Predictably, unionists got spooked over the implications of the project, which would be co-funded by the then Fianna Fail-led government. Others, including the son of civil rights activist PJ McClean, objected to the road construction on purely environmental grounds; arguing that the new route would destroy their homes, farms, communities and way of life.

Since the over-inflated property boom/bust, when the southern taxpayer had to bail out the avaricious, profligate gambling syndicates known as the Irish banks, the grand designs on a united Ireland have been subjected to a reality check.

The Republic is virtually broke and this winter must take more than €3bn-worth of austerity measures to drive down its enormous, crippling national debt. One of the casualties of this fresh round of cost-cutting will be €700m in capital spending projects.

Among the programmes that the Fine Gael-Labour coalition have junked are the Metro North underground system, which had been planned to link Dublin city centre with the airport, and the proposed connecting of the two Luas tramlines that run north and south of the River Liffey.

These decisions will prove to be far more politically controversial and possibly costly at the ballot-box than the spending freeze on the A5 motorway.

While the axing of the A5's construction may costs votes in Donegal, the majority of those who will feel its impact (for better or worse) live in Northern Ireland and don't have the right to vote in Dail, local government or, as we have just seen, presidential elections.
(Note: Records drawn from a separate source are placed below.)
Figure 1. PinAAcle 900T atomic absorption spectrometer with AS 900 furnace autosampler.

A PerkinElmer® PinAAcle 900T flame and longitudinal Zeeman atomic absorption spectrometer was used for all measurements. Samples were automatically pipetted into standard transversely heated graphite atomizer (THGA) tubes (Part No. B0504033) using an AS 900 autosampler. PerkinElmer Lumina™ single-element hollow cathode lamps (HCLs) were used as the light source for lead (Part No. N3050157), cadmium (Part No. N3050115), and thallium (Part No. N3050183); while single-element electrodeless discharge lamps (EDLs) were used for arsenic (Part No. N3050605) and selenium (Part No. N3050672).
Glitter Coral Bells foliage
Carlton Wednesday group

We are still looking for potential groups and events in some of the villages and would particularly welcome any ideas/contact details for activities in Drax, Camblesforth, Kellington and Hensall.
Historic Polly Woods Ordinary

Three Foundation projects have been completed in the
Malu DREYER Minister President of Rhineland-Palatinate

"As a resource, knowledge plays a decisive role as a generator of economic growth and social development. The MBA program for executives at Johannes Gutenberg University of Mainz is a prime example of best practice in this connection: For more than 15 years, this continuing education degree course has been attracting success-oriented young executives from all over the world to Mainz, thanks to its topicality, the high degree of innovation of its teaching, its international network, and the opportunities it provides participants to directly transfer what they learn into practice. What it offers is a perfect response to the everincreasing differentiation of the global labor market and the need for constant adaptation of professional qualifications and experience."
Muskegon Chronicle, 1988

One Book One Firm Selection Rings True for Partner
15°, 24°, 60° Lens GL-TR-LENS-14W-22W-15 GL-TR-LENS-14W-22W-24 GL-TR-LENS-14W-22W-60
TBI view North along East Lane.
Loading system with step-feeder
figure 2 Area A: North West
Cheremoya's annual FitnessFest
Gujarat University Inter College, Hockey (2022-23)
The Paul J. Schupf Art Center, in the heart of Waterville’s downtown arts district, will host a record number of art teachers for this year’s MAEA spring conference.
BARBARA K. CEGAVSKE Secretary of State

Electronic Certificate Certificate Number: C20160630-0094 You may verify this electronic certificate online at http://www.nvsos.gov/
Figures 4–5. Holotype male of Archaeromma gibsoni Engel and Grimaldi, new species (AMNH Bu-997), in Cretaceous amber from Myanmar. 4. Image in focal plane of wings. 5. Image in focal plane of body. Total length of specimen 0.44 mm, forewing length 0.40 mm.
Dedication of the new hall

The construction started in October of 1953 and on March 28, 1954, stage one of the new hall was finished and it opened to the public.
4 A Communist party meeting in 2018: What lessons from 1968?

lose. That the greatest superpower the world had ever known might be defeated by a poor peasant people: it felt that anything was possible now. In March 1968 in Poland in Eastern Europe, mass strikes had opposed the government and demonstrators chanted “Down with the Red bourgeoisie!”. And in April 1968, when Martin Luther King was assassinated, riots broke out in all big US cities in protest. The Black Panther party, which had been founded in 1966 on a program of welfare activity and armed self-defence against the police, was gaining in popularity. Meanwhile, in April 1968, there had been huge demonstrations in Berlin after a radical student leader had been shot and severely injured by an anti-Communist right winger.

Republic-Realpolitik always dictated that the A5 would be a prime candidate for the axe.

Yet the biggest shock surrounding this decision is the surprise of nationalist politicians in the north.

Pat Doherty, the Sinn Fein MP, say it runs contrary to the St Andrews Agreement of 2006, when then-Taoiseach Bertie Ahern agreed that the north-south link between Dublin and Derry would be an agreed component of the accord leading to power-sharing.

The SDLP, too, has been howling to the sky in protest over the suspension of spending on the A5. One wonders what planet - or, more accurately, island - either party has been on over the last turbulent 12 months in the Republic's history.

The state teetered on the brink of national bankruptcy and was only rescued thanks to the largesse of the International Monetary Fund and the European Central Bank.

In fact, it is quite amazing that the coalition is going ahead with certain other big capital spends, costing hundreds of millions of euro, at a time when the eurozone remains mired in a mortal crisis.

Moreover, the reality is that Enda Kenny and Eamon Gilmore's administration was always going to chose to save a capital building programme, like the construction of a National Children's Hospital on the site of the Mater in north inner-city Dublin over a motorway much of which cuts through another state.

As with the presidential election and all the controversy surrounding Martin McGuinness's (above) bid to become head of state, the convenient dumping of the A5 motorway (for now anyway) underlines that the interests of one state on this island are not always in tune with the interests of the other. Such is the impact of partition's continued existence.

The Republic has indeed 'taken over', in one sense, some parts of Northern Ireland, including unionist redoubts in Co Down.

Around Dromore, for instance, almost every blade of grass is in the hands of the Irish state after the Republic's toxic bank, Nama, was forced to handle the assets of an Ulster property dealer who had borrowed from the now-disgraced Anglo Irish Bank.

Of course, Nama and the Irish government would rather be done with owning a piece of solid unionist earth. It has cost the southern taxpayer millions and they would gladly hand it back to the British or the unionists if they would agree to share the financial burden.

Such is the reality of politics and partition as we move ever-closer to the 100th anniversary of the Easter Rising in 2016.